Mon Feb 03 11:37:32 IST 2025: ## India Unveils Budget 2025-26: Income Tax Changes and Focus on Self-Reliance

**New Delhi, February 1, 2025** – Finance Minister Nirmala Sitharaman presented the Union Budget 2025-26 today, marking her eighth consecutive budget presentation. The budget, expected to boost employment and provide relief to the common citizen, focuses on key sectors including agriculture, industry, healthcare, and education. It is touted as a significant step towards achieving the goal of “Atmanirbhar Bharat” (Self-Reliant India).

A major highlight is the introduction of new income tax slabs resulting in zero tax liability for annual incomes up to ₹12 lakh. While this income falls under various tax slabs, available rebates and standard deductions effectively eliminate the tax burden. The Finance Minister clarified that this is a tax-free status, not tax-exempt, meaning tax is calculated but reduced to zero due to deductions.

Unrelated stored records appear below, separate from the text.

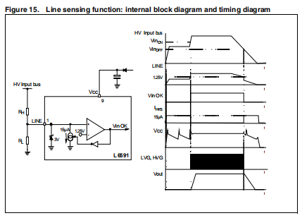 当线路欠压激活时,启动发电机继续工作,但没有PWM活动,因此Vcc电压在启动和UVLO阈值,如图17的时序图所示。当设备运行时,线路引脚是一个高阻抗输入,连接到值电阻,因此它容易拾取噪声,这可能会改变关闭阈值或在ESD测试期间IC意外关闭的原因。可以绕过引脚用一个小的薄膜电容器(例如1-10 nF)接地,以防止任何此类故障。如果不使用该功能,引脚必须通过电阻器连接到VREF引脚(#6)在10到100 kΩ的范围内
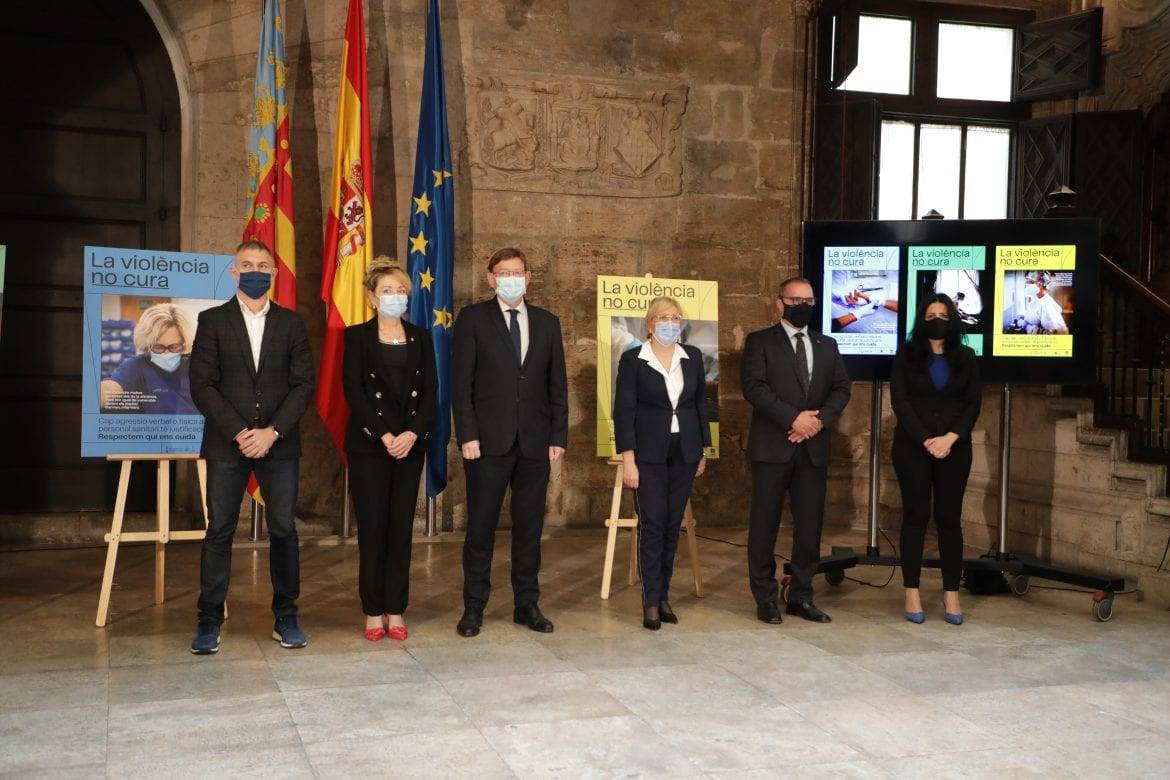 El res­pon­sa­ble del Con­sell ha par­ti­ci­pa­do en el Palau de la Gene­ra­li­tat en la pre­sen­ta­ción de la cam­pa­ña “Res­pe­te­mos a quien nos cui­da”, impul­sa­da por Pre­si­den­cia de la Gene­ra­li­tat en cola­bo­ra­ción con los cole­gios pro­fe­sio­na­les para “gene­rar con­cien­cia social” sobre la nece­si­dad de res­pe­tar la labor que rea­li­za el per­so­nal de la Sani­dad.
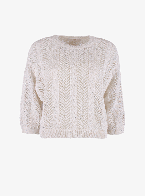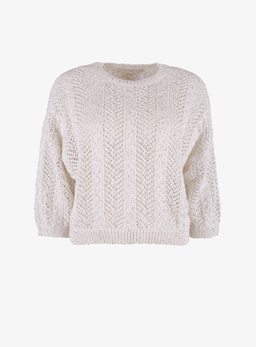 Detail: ronde hals - open gebreid met zilverkleurige mini lovertjes - mouwen tot of over de elleboog.
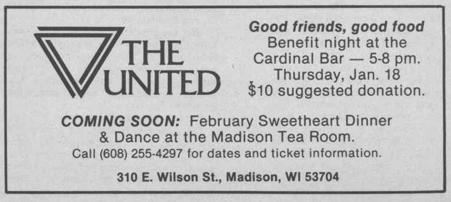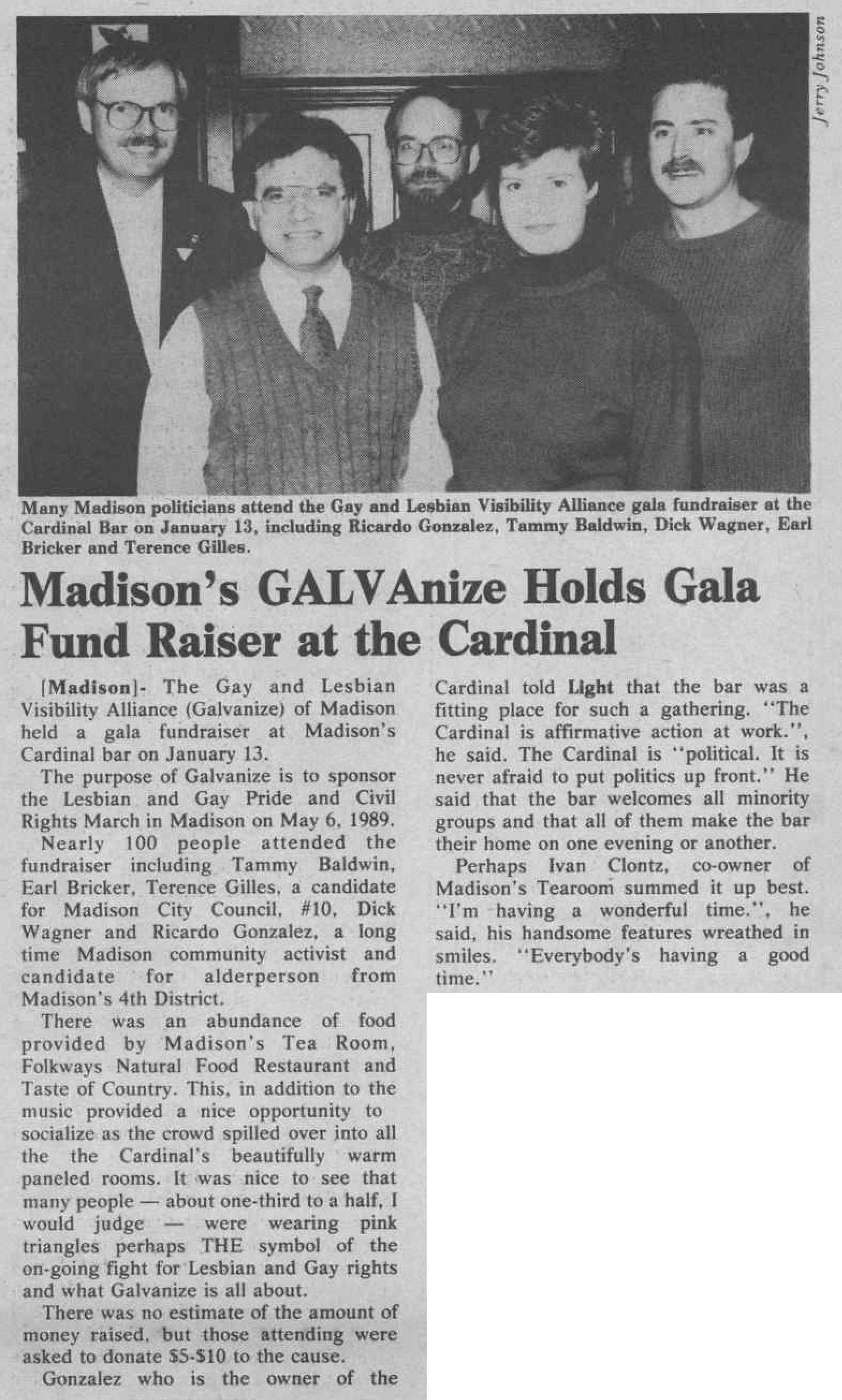 In May 1974, Gonzalez toured the aging Cardinal Hotel (418 E. Wilson St.) He signed a lease, redecorated Skid Row chic with ferns and mirrors, traded dining for dancing, and reopened the Cardinal Bar as Madison's first Latin gay bar in December 1974.

Further tax reforms are anticipated, with the government planning to introduce a new income tax bill next week. The tax department will reportedly adopt a “trust first, verify later” approach. The budget also includes the elimination of seven additional tariff rates, bringing the total to eight, with one set at zero. While most tariff rates remain largely unchanged, minor reductions are planned for select items. The government also aims to consolidate cess and surcharges, applying a maximum of one to 82 tariff lines.

The budget allocated ₹2.55 lakh crore to Indian Railways for FY26, the same as the previous fiscal year. This flat allocation has disappointed some stakeholders who had hoped for increased funding for ongoing and new projects. Details of expenditure across different sectors are available in the full budget document. The budget’s success will hinge on the effective management of fiscal policies, particularly regarding taxation, education, healthcare, and subsidies.

The Economic Survey 2025 projects GDP growth between 6.3% and 6.8% for FY26. Further details on the budget, including sector-wise allocation and the full PDF, are available online. The Finance Minister also announced an increase in FDI limits in the insurance sector from 74% to 100%.